The Economic Burden of Protectionism, Part II

by Dan Mitchell | Feb 17, 2026

In Part I of this series, we reviewed some new research from the New York Federal Reserve.

That study showed that Americans bear about 90 percent of the burden of Trump’s Liberation Day trade taxes.

Though I added my own two cents because I don’t actually care that much about who bears the burden of the tax.

I’m more worried about protectionism throwing sand in the economy’s gears. Here’s a brief excerpt of my analysis.

What concerns me is that trade barriers are sort of like regulations in that they create barriers to economic efficiency. Regardless of whether trade taxes are borne by buyers or sellers (or whether regulations are borne by consumers of producers), the economy is burdened by “clutter.”

For today’s column, let’s look at some additional recent research. The Germany-based Kiel Institute published a study last month that investigated the economic impact of Trump’s protectionism.

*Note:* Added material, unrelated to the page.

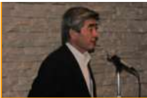
古川代表世話人挨拶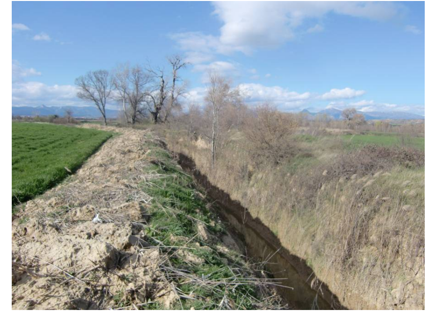
ACEQUIA MADRE EN EL ENTORNO DEL CRUCE CON LA VARIANTE.

The report, authored by Julian Hinz, Aaron Lohmann, Hendrik Mahlkow, and Anna Vorwig, was very critical of Trump’s big tax increase on trade. Here are the policy conclusions from the study.

The evidence presented in this brief leads to several unavoidable conclusions. First, tariffs are a tax on Americans. The claim that foreign countries “pay” for US tariffs is empirically false. With approximately 96% pass-through, nearly all the tariff burden falls on American importers and, ultimately, consumers. The $200 billion surge in customs revenue represents $200 billion extracted from American businesses and households. Second, tariffs do not transfer wealth from foreigners to Americans. They transfer wealth from American consumers to the US Treasury. This is economically equivalent to a consumption tax—but one that applies selectively to imported goods, creating additional distortions and inefficiencies. Third, trade volumes adjust, not prices. The primary effect of tariffs is to reduce imports, not to force foreign producers to accept lower prices. This means fewer goods, less variety, and disrupted supply chains for American firms. The costs are real and immediate; the purported benefits are illusory. Fourth, supply chains bear significant costs. American manufacturers that rely on imported inputs face higher costs. They must either absorb these costs (reducing profits and investment), pass them to customers (raising prices for downstream buyers), or scramble to find alternative sources (incurring adjustment costs and delays). None of these options is costless. Fifth, the 2025 tariffs repeat the mistakes of 2018–19. Prior research documented near-complete pass-through during the first trade war. The 2025 tariffs, despite being larger in scope and magnitude, produce the same result. There is no evidence that the dynamics of tariff incidence have changed.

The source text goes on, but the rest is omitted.